Below are the stable and near-stable inference workflows in torchao:

| weight dtype | act dtype | summary |
|--------------|-----------|---------|
| float8 | float8 | {class}`~torchao.quantization.Float8DynamicActivationFloat8WeightConfig`: Applies float8 dynamic symmetric quantization to both activations and weights. Requires CUDA ≥8.9, AMD MI350+, or Intel XPU. Supports `PerTensor` and `PerRow` granularity. |
| float8 | bf16 | {class}`~torchao.quantization.Float8WeightOnlyConfig`: Applies float8 weight-only symmetric per-channel quantization. Matmul computed in original precision. |
| int8 | int8 | {class}`~torchao.quantization.Int8DynamicActivationInt8WeightConfig`: Applies int8 dynamic symmetric per-token activation and int8 per-channel weight quantization. |
| int8 | bf16 | {class}`~torchao.quantization.Int8WeightOnlyConfig`: Applies int8 weight-only symmetric per-channel quantization. |
| mxfp8 | mxfp8 | {class}`~torchao.prototype.mx_formats.MXDynamicActivationMXWeightConfig`(prototype): Applies mxfp8 or mxfp4 dynamic quantization to activations and weights.
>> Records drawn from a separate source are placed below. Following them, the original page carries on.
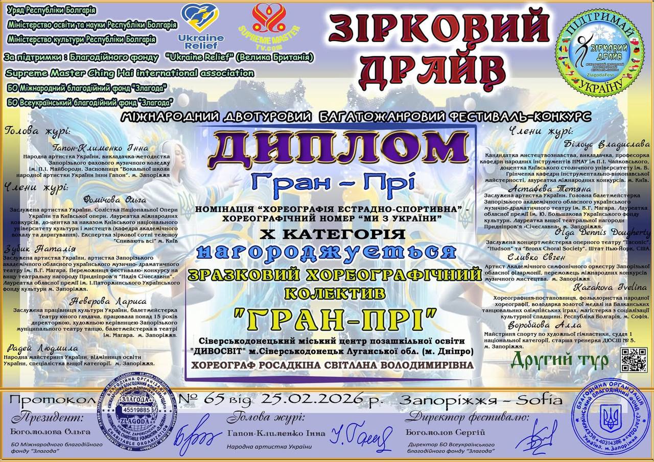 Вихованки художнього хореографічного колективу «Гран-Прі» Сіверськодонецького міського центру позашкільної освіти «Дивоствіт» перемогли на міжнародному двотуровому багатожанровому фестивалі-конкурсі «Зірковий Драйв».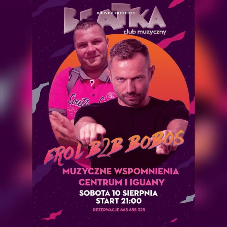 Duet Erol & Bobos zafundują najlepsze muzyczne uniesienia, bo w końcu to oni rozgrzewali parkiety tamtych klubów. Już w sobotę staną za sterami konsoli Beatki. – To będzie najlepsze B2B w Lubinie, jakie można sobie wyobrazić – zachęcają do przyjścia na imprezę organizatorzy.
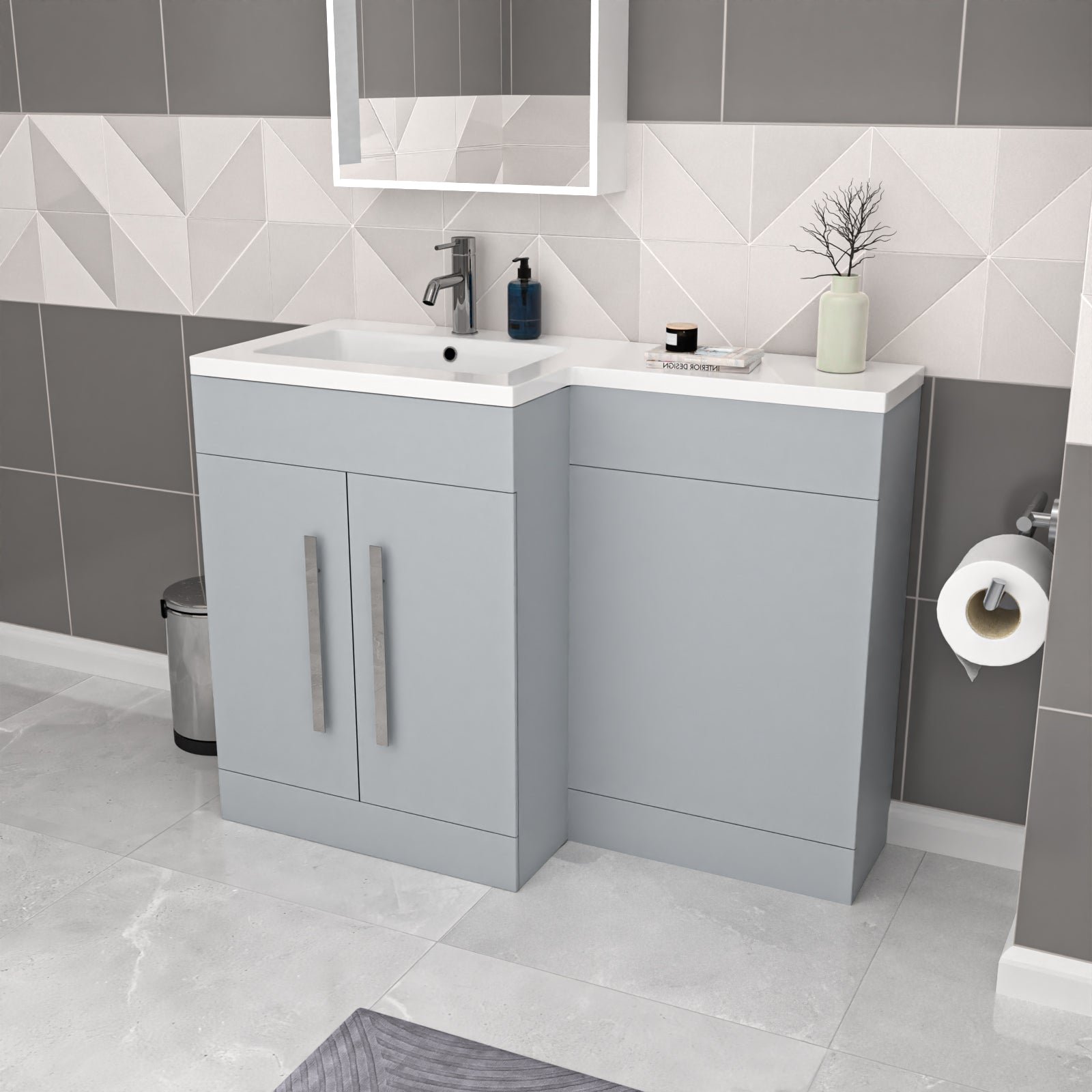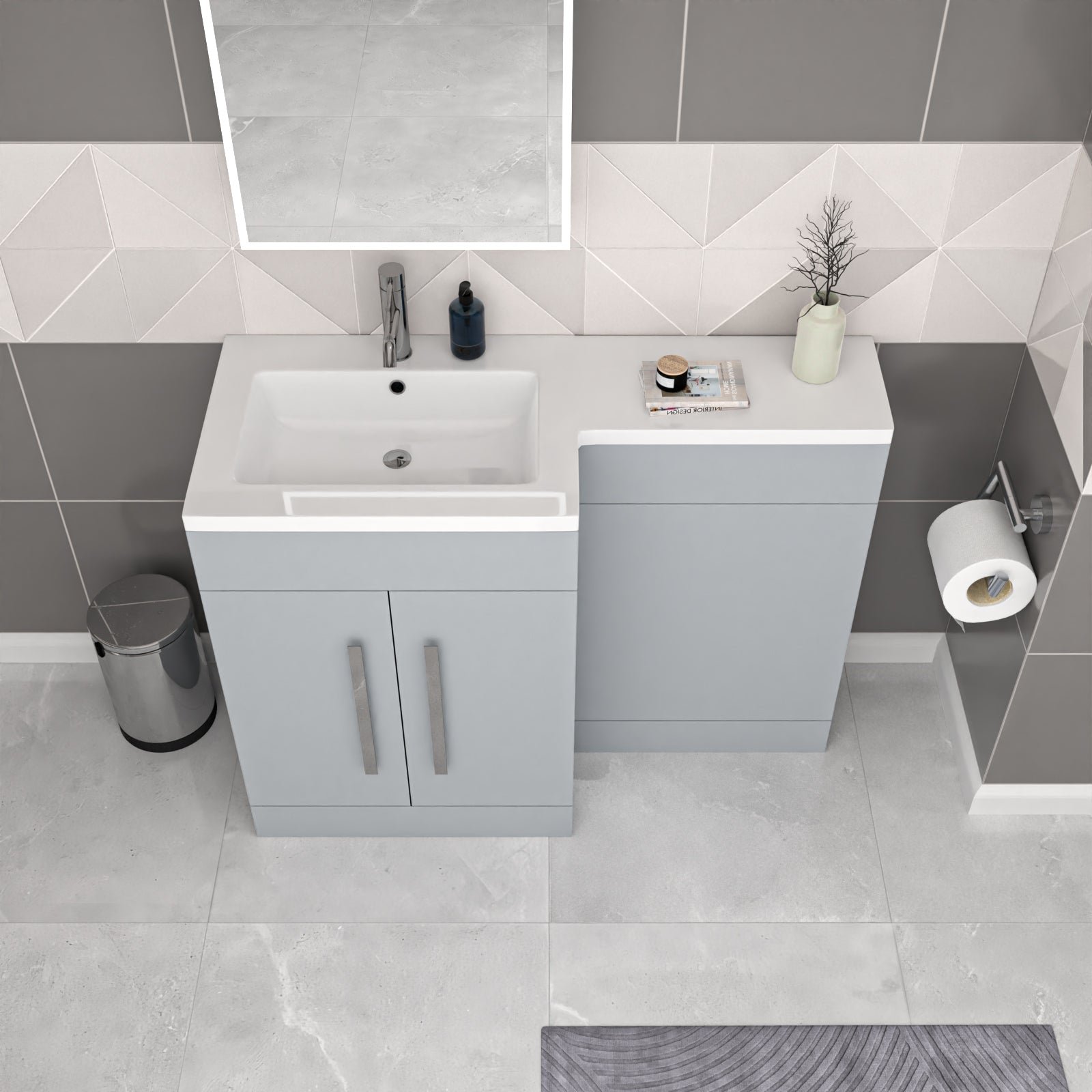 It features a white resin basin top. with a two door water resistant MDF cabinet. WC unit and contemporary chrome effect handles. bringing a modern look to your bathroom. The basin includes an overflow and one tap hole. The contemporary design hides all unsightly pipework creating a neat clean look.

Requires NVIDIA SM100+ (Blackwell) or AMD MI350+. |
| int4 | bf16 | {class}`~torchao.quantization.Int4WeightOnlyConfig`: Applies int4 weight-only groupwise quantization. Supports group sizes 256, 128, 64, 32. |
| int4 | float8 | {class}`~torchao.quantization.Float8DynamicActivationInt4WeightConfig`: Applies float8 dynamic per-row activation and int4 per-group weight quantization. Group size 128 only. |
| nvfp4 | bf16 | {class}`~torchao.prototype.mx_formats.NVFP4WeightOnlyConfig`(prototype): Applies NVFP4 weight-only quantization. |
| nvfp4 | nvfp4 | {class}`~torchao.prototype.mx_formats.NVFP4DynamicActivationNVFP4WeightConfig`(prototype): Applies NVFP4 dynamic quantization to activations and weights with double quantization (per-tensor + per-block scales). Requires NVIDIA SM100+ (Blackwell). |
| mxfp4 | mxfp4 | {class}`~torchao.prototype.mx_formats.MXDynamicActivationMXWeightConfig`(prototype): Applies mxfp8 or mxfp4 dynamic quantization to activations and weights. Requires NVIDIA SM100+ (Blackwell) or AMD MI350+. |
| intx | bf16 | {class}`~torchao.quantization.IntxWeightOnlyConfig`: Applies intx (1-8 bit) weight-only quantization. Supports groupwise and per-channel. Works with Linear and Conv2D. |
| intx | int8 | {class}`~torchao.quantization.Int8DynamicActivationIntxWeightConfig`: Applies int8 dynamic per-token activation and intx (1-8 bit) weight quantization. CPU optimized. |
| uintx (4/8-bit) | bf16 | {class}`~torchao.prototype.quantization.UIntxWeightOnlyConfig`(prototype): Applies 4-bit (asymmetric, grouped) or 8-bit (symmetric, per-channel) weight-only quantization using gemlite (https://github.com/dropbox/gemlite) Triton kernels. Supports packing bit widths 8, 16, 32. Requires CUDA and gemlite. optimized for A100 and H100 GPUs. |
| uintx (4/8-bit) | int8 | {class}`~torchao.prototype.quantization.Int8DynamicActivationUIntxWeightConfig`(prototype): Applies int8 dynamic activation with 4-bit or 8-bit weight quantization using gemlite (https://github.com/dropbox/gemlite) Triton kernels. Requires CUDA and gemlite. Optimized for A100 and H100 GPUs. |
| int4 | int8 | {class}`~torchao.prototype.quantization.int4.Int8DynamicActivationInt4WeightConfig`(prototype): Applies int8 dynamic per-group activation and int4 weight per-group quantization on X86 CPU. Groupsize must be 128, 64, 32. |


## Accuracy benchmarks

All the following benchmarks are for `meta-llama/Llama-3.1-8B` using `lm-eval`.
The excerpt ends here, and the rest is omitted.